Meadows: We are working towards Meaningful Use on the ambulatory side and on the inpatient side. On the ambulatory side, almost all of our physicians in our physician network have qualified for Meaningful Use dollars. Most of them are in Stage 2 reporting period now, and athena really took the time to build the Meaningful Use process into their product, and so for doctors to really achieve the metrics that they need on the ambulatory side, it’s been quite simple for them to do. We’ve had great success with our doctors being able to achieve those requirements through just normal documentation in the EMR on the athena side. We’ve gone through a couple of audits for Meaningful Use on the ambulatory side, and all of those have passed with flying colors when they’ve really looked at each doctor individually to see did they meet the criteria or not.
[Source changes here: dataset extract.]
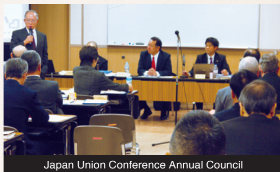
Japan Union Conference Annual Council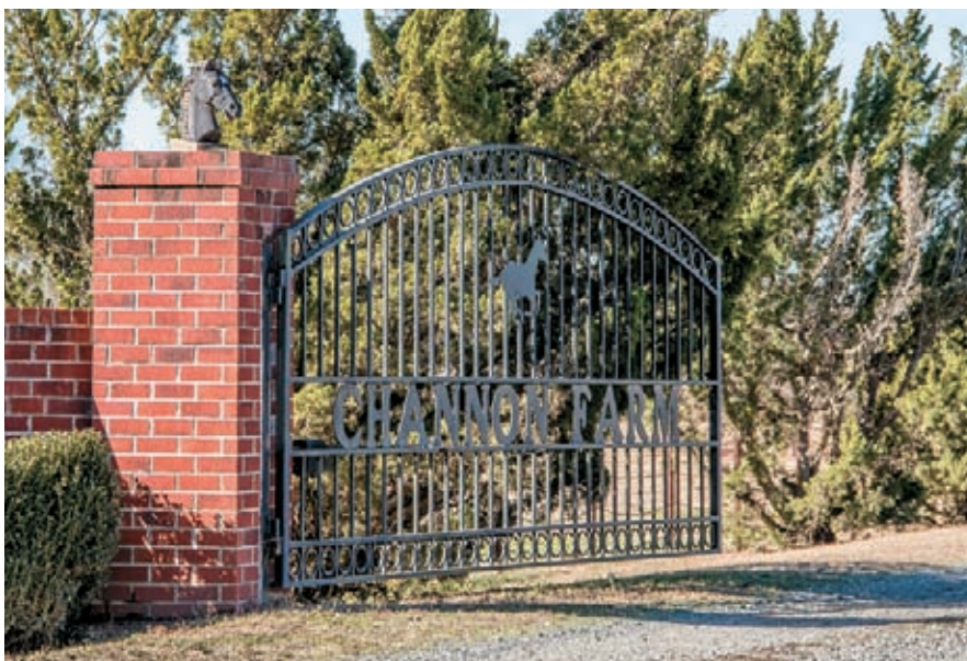
The entrance to the 86-acre Channon Farm

So we’ve been very pleased with that implementation on the ambulatory side.
On the inpatient side, we only applied for Medicaid Meaningful Use dollars and that is really driven by what the state provides, so we are in what they call phase 1-plus reporting period. So we’re doing our second reporting period for stage 1 Meaningful Use, and we intend to proceed with stage 2. The jury’s out with Stage 3; we’ll just see.
The jury’s out with stage 3, we’ll just see. Because even in stage 2, a lot of the metrics still are very adult driven, so we report on a lot of metrics where we have zero denominator because those diagnoses would not occur in a pediatric facility. Have the pediatric metrics got better? I think over time they have. They’ve matured, but they’re still mostly very adult driven. But we saw Meaningful Use as something that we were already striving for before the regulations came out, so for us it’s more about being prepared, and if there are penalties that begin with the Medicaid population, then we will be prepared for that. But a lot of it is good care, and so we want to make sure that we’re providing that care to our patients.